_WHAT IS REQUIRED:_
What you output must be the exact lines from the first line of the data through the one holding "La sua base", with no pictures.

Data excerpts

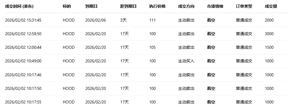Robinhood收跌9.62%,成交55.58万份期权合约,看跌/看涨成交量比降至0.54。Robinhood股价暴跌约10%至88美元创七个月新低,主要受比特币跌至10个月低点和加密货币交易量下滑影响,同时分析师指出美式足球赛季结束将冲击其预测市场业务收入。
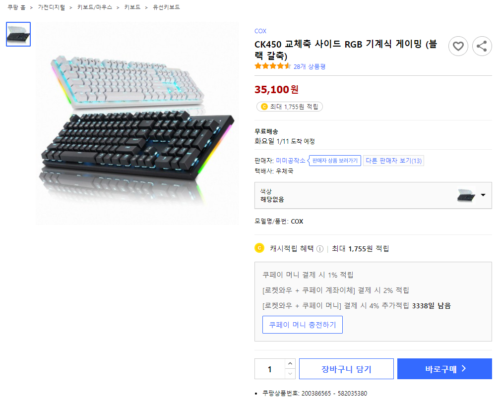 교체축 기계식 단일 LED & 측면 RGB게이밍 키보드 입니다.
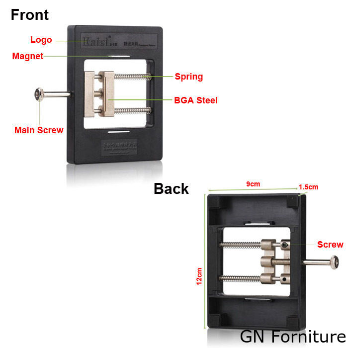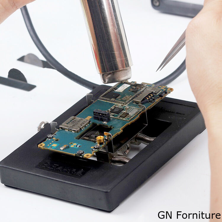 La sua base è stata progettata con un materiale plastico antistatico, dotata di piedini in gomma e un meccanismo di morsetti regolabili con un sistema di scorrimento che permette di bloccare il componente in base alla sua dimensione.
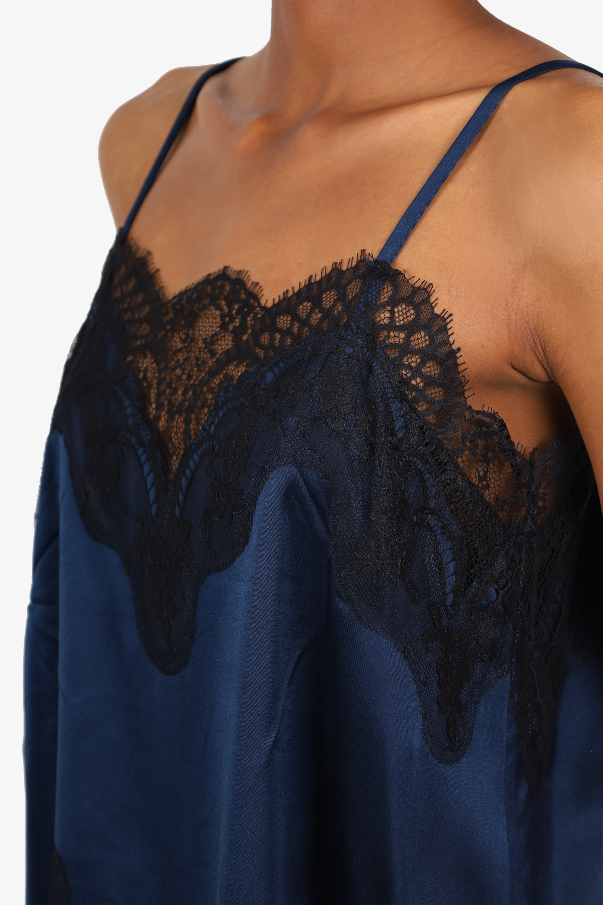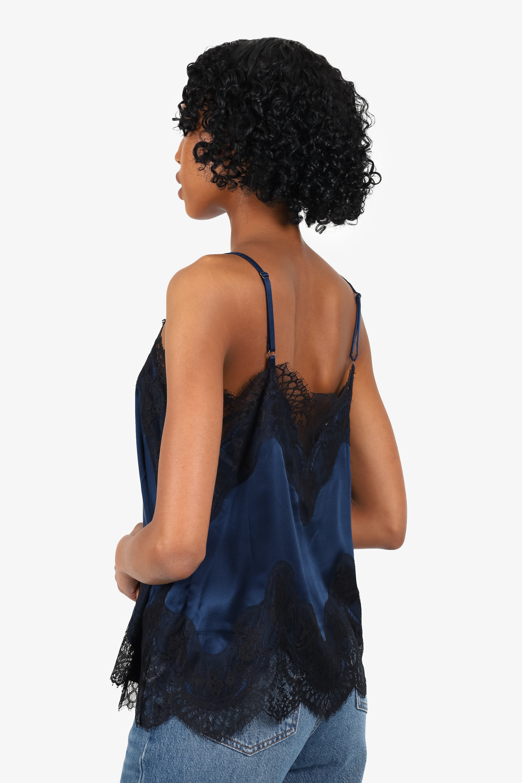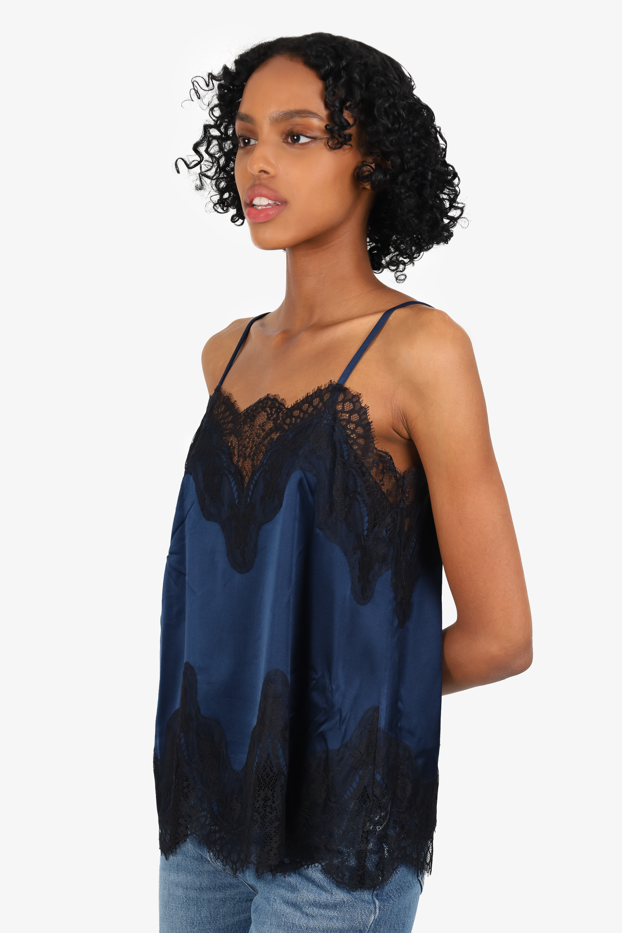 Refresh availabilityAlice & Olivia Black/Navy Silk Lace Cropped Top. Adjustable straps. Tonal stitching.
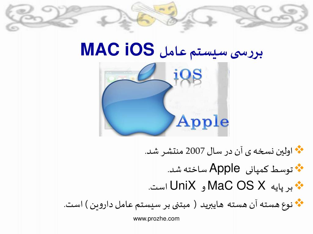 بررسی سیستم عامل MAC iOS • اولین نسخه ی آن در سال 2007 منتشر شد. • توسط کمپانی Apple ساخته شد. • بر پایه MaC OS X و UniX است. • نوع هسته آن هستههایبرید( مبتنی بر سیستم عامل داروین ) است. www.prozhe.com
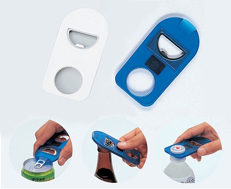 センヌキ、ペットボトルオープナー、プルトップオープナーの3機能付オープナー
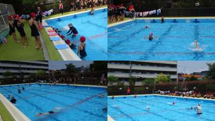 体育「水泳運動」の学習では、今できる泳ぎ方でより長い距離を泳いだり、少しがんばればできそうな泳いだりできるように挑戦しています。泳ぎ方のポイントを確かめながら自分のめあてに向かって頑張っています。
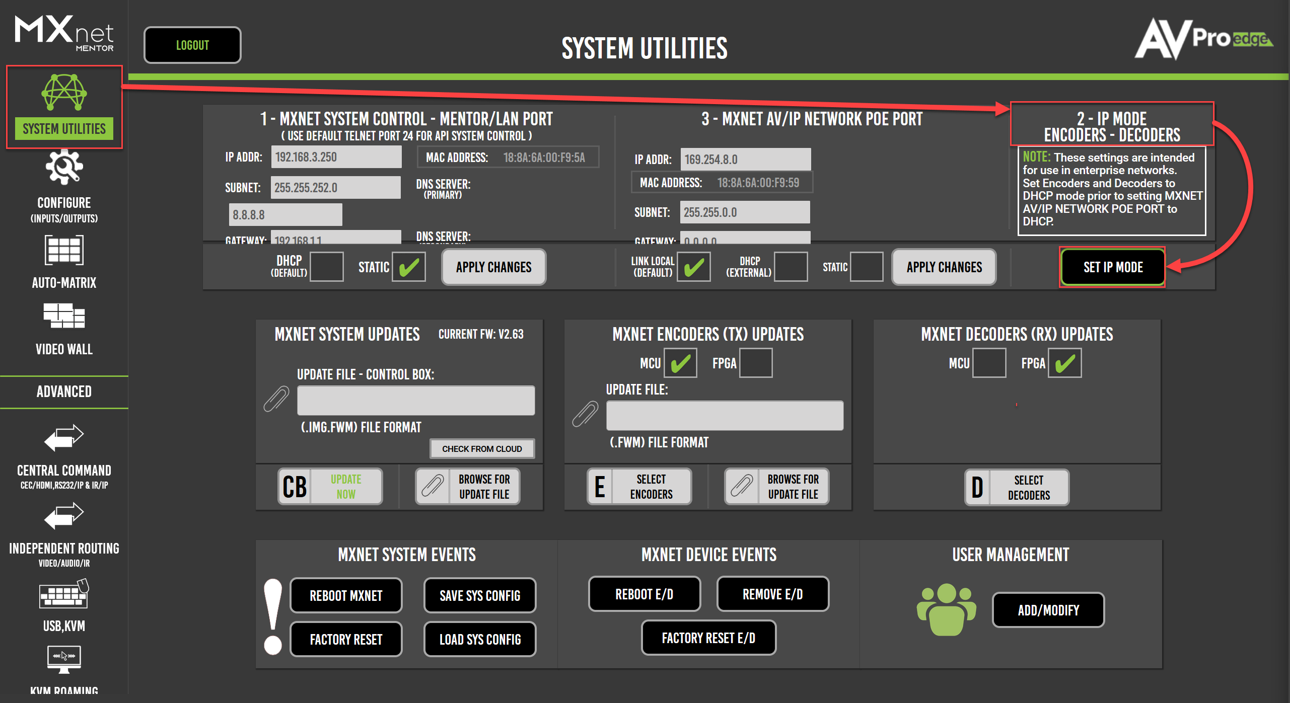 6. Find configuration block #2 called IP MODE ENCODERS - DECODERS. Click on SET IP MODE
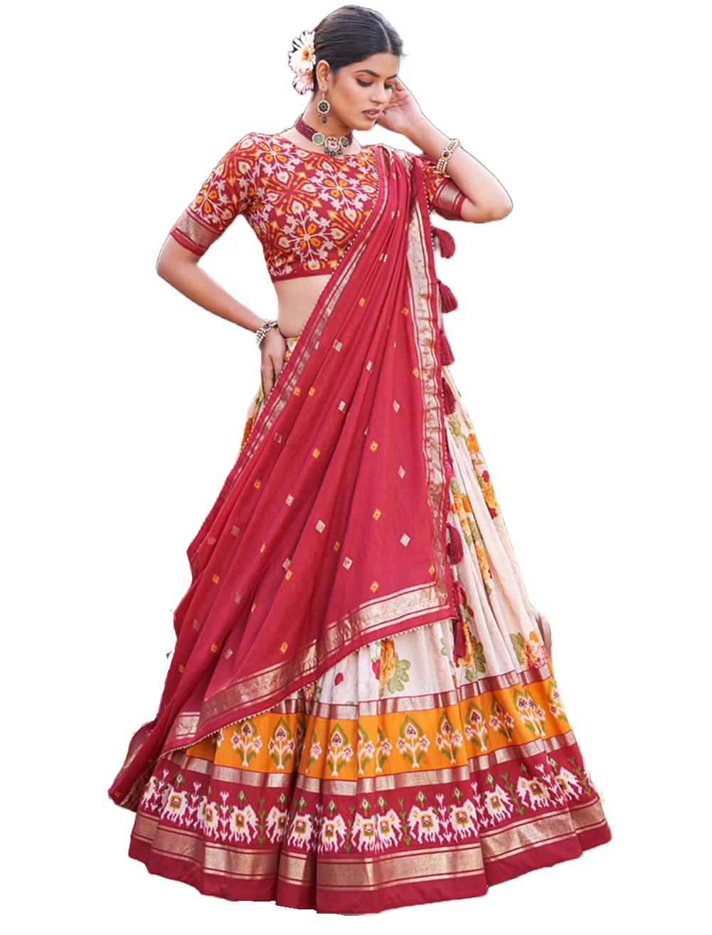 - Lehenga Work : ikkat patola Print With Foil Work Border ,Blouse Work : Printed With Foil Work Border ,Dupatta Work : ikkat patola Print With Gotta Patti Lace Border Also Comes With Tassels

_FINAL ANSWER:_
Robinhood收跌9.62%,成交55.58万份期权合约,看跌/看涨成交量比降至0.54。Robinhood股价暴跌约10%至88美元创七个月新低,主要受比特币跌至10个月低点和加密货币交易量下滑影响,同时分析师指出美式足球赛季结束将冲击其预测市场业务收入。
 교체축 기계식 단일 LED & 측면 RGB게이밍 키보드 입니다.
 La sua base è stata progettata con un materiale plastico antistatico, dotata di piedini in gomma e un meccanismo di morsetti regolabili con un sistema di scorrimento che permette di bloccare il componente in base alla sua dimensione.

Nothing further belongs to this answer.